Dodin noted that for someone who took up her ambassadorial post to the UAE just days after 9/11, “Ambassador Wahba’s skills as a diplomat and her invaluable insights as an Arab American helped to build strong bridges of cooperation between nations and these bridges have served the world well.”
Wahba received the Najeeb Halaby Award for Public Service to honor her 22-year dedication to improving relations between the United States and the Middle East. Over the span of two decades, Amb. Wahba climbed the ranks at the U.S. Department of State from Deputy Policy Officer in the Near East Office, to Ambassador Extraordinary and Plenipotentiary to the United Arab Emirates (UAE). As the first female Arab American Ambassador to the UAE, Amb. Wahba drew on her heritage to inspire her public service. Commenting on Wahba’s public service, AAIF President Dr. James Zogby said that her commitment was an example for Arab Americans across the country aspiring to best serve their communities.

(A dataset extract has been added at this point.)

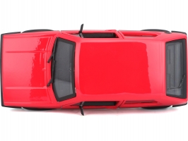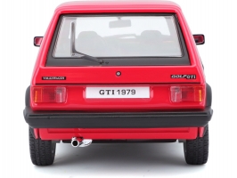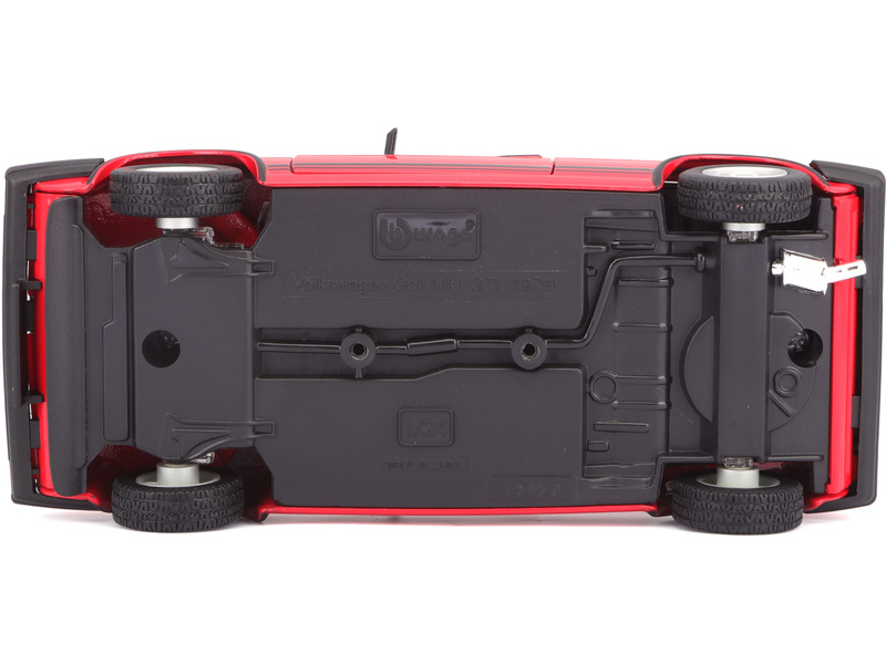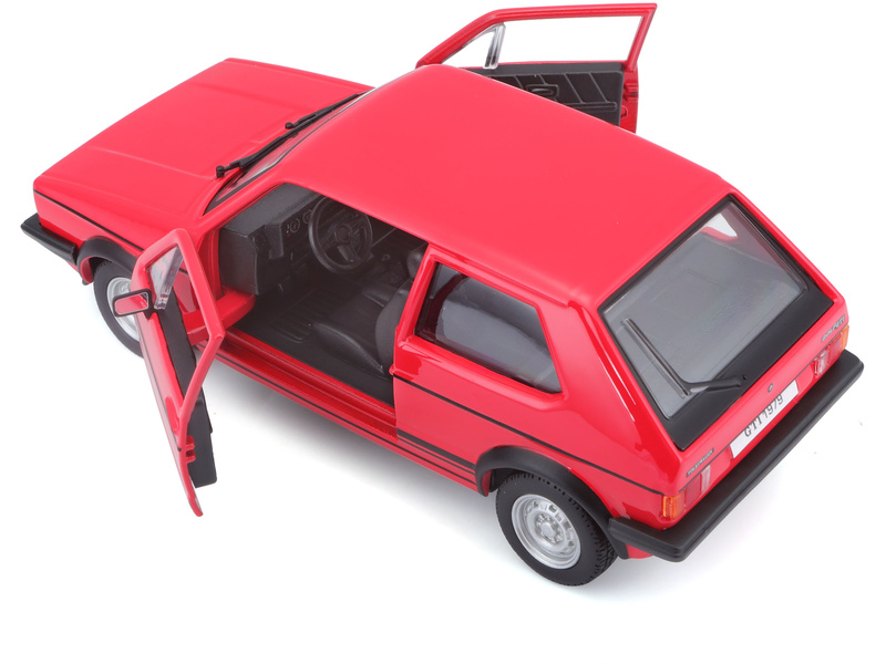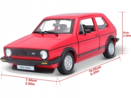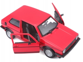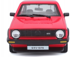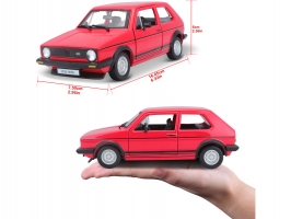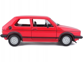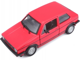 Kovový model auta v měřítku 1:24 Bburago 18-21089 Volkswagen Golf MK1 GTI, nejen pro sběratele. Má otevírací dveře a kapotu, natáčení kol volantem je plně funkční. Barva modelu je červená a je přibližně 16 cm velký.

On receiving the Najeeb Halaby Award for Public Service, Wahba spoke about the tragedy of recent US wars in the Middle East, “The catastrophic consequences of the invasion of Iraq, the subsequent rise of the Islamic State group and the ongoing war in Afghanistan demonstrate the folly of the United States trying to impose its will on the region. For far too long, the US has focused on, and invested almost exclusively in the military-to-military ties that now define most of our bilateral agreements.”

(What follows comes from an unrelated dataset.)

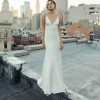 The Marnie V-neck satin bridal gown brings old Hollywood glamour into the 21st century in an effortlessly chic way. The V neck tapers up to a delicate spaghetti strap to highlight your shoulders and collarbone. The low scoop back has a barely there feeling, and the bias cut skirt slinks over every curve. The back flounce seam gives way to a dramatic court length train.

She also thanked the many people who made her service possible. “I wouldn’t be here tonight to receive this extraordinary award and recognition, without the support of the not so small village that has stood by me throughout my career. I begin with my parents who had the courage to uproot the family from their beloved Egypt to become immigrants–moving right after the 1967 war.”
Dr. Zogby then took the stage to conclude the evening and to put recent events in context. He said that all the awardees had an “amazing ability to translate personal suffering into hope.” Touching on the frustration felt by Americans nationwide, Zogby talked about the dueling narratives that have defined America, “We talk about the values reflected by the people we’ve awarded tonight: The compassion of Frances Black, the grit of Anthony Romero in the trenches everyday, the vision of José Andrés, and the commitment to public service of Marcelle Wahba. Good people will look at bigotry and intolerance and say, ‘that’s not America, that isn’t who we are.’ Unfortunately that is who are we, and that is who we’ve always been. We were founded as a nation in original sin. That’s who we were, it’s who we are becoming that is different. We have the capacity to change and we have as a nation been fighting to actualize the ideals of who we want to be. But those two Americas stand in contrast all the time. We’ve got a lot to do but I’m confident with leadership like the leadership here tonight, we can actualize the America that we want to be.”